Nursing is an immensely rewarding career, yet the constant stress and physical strain can take their toll. For some, meditation may be the answer to lowering stress levels and finding a better mental and emotional balance.
How Is Meditation Beneficial?
Transcendental Meditation is a technique for relaxing while eliminating distracting or negative thoughts. According to WebMD, this type of meditation is adapted from an ancient Indian practice that involves sitting in a comfortable position while silently repeating the same phrase or mantra.
Meditation is used to treat a number of health issues that may affect nurses. It is often used to eliminate or minimize the effects of stress and anxiety on the body. According to the National Center for Complementary and Integrative Health, upon review of data from 36 clinical studies, meditation was found to lead to improved anxiety symptoms in nearly 70 percent of the trials. Further review of research in 2014 indicated that mindfulness meditation programs may help with anxiety and depression as well.
Meditation may also have a positive effect on blood pressure, considering hypertension is a frequent companion to high stress and anxiety levels.
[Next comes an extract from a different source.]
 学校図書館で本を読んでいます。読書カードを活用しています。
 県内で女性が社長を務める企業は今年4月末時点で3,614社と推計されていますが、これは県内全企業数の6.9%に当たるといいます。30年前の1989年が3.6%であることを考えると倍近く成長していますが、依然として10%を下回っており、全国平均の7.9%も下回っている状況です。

While the studies have not been extensive, the potential benefits are impressive. A 2012 study published in the American Heart Association’s journal, Circulation: Cardiovascular Quality and Outcomes, found that African Americans suffering from heart disease were 48 percent less likely to have a heart attack, stroke, or death when they regularly engaged in meditation practices. Participants also experienced reductions in blood pressure and anger.
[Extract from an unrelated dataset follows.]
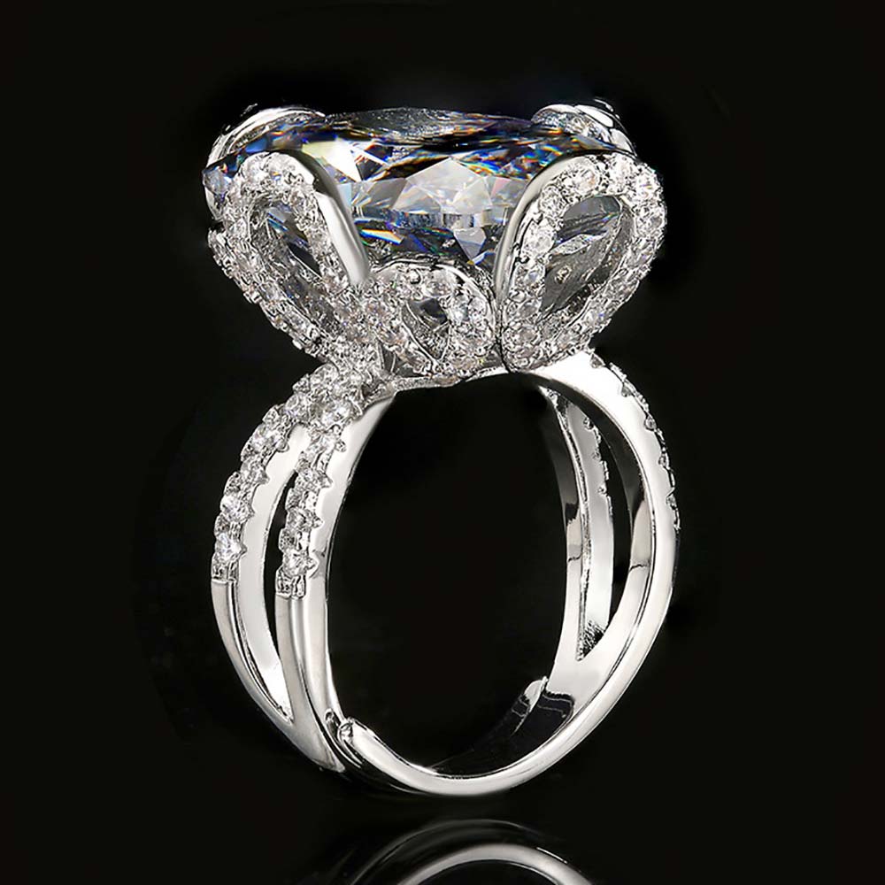 Кольцо с родиевым покрытием с цирконами (фианитами)

Furthermore, meditation may help with pain management and insomnia. It can also improve self-awareness and allow you to focus on the present as opposed to dwelling on the past. Purging negative feelings and thoughts can be an additional benefit as well.
Should Nurses Meditate?
Proponents of meditation frequently say that anyone will find the mind-body practice beneficial. For nurses though, meditation really can make a difference in finding a healthy outlet for work-related stress and depression.
Nurses may experience a range of emotions during any given shift. Empathy for sick and injured patients is certainly a positive attribute of a nurse. However, it can also weigh heavily on your mind and body long after you clock out. Nurses may find meditation helpful in working through these feelings, especially since they are twice as likely to suffer from depression when compared to the general public, according to a 2012 study published in the Clinical Nurse Specialist.
A 2012 Nursing Times survey found that more than 60 percent of nurses experienced physical or mental health issues as a result of work-related stress. Two-thirds of the nurses surveyed reported increased performance pressure in the face of staffing shortages. With such a large percentage of nurses reporting negative side effects from stress, meditation may provide the opportunity to regain a healthier outlook on work responsibilities.
Establishing a Meditation Schedule
Nurses typically engage in shift work, which means long hours, alternating schedules, and often overnights. With those kind of hours, it can be difficult to find a time — or even a quiet place — to meditate.
Because of this, healthcare facilities have started to incorporate labyrinths into their campus layouts. Designed for use by both employees and patients, the labyrinths are a non-traditional approach to easing anxiety. Walking a labyrinth may result in a meditative state by encouraging solitude and a chance to reflect on your emotions.
There are dozens of meditation techniques though, with guided imagery and deep breathing as two of the most popular methods. While it may be easier to find solace at home, nurses can employ these tactics virtually anywhere, especially with the proliferation of smartphone meditation apps. At work, an unused patient room or the hospital’s chapel may provide a suitable setting — even sitting in your car, in the restroom, or at the nurse’s station can work, too.
Setting a meditation schedule can be helpful and lead to more frequent participation. For example, you may plan to do two minutes of guided imagery while showering and one minute of deep breathing each time you are logging information in the computer or walking to the restroom. Outside of that schedule, consider implementing your favorite meditation technique any time you feel your stress levels begin to rise.
Worth a Try
Meditation can help nurses handle day-to-day workplace stress in a safe and positive fashion, leading to improvements in physical and mental health. With benefits also related to insomnia, high blood pressure, and depression, this free and simple mind-body technique has much to offer.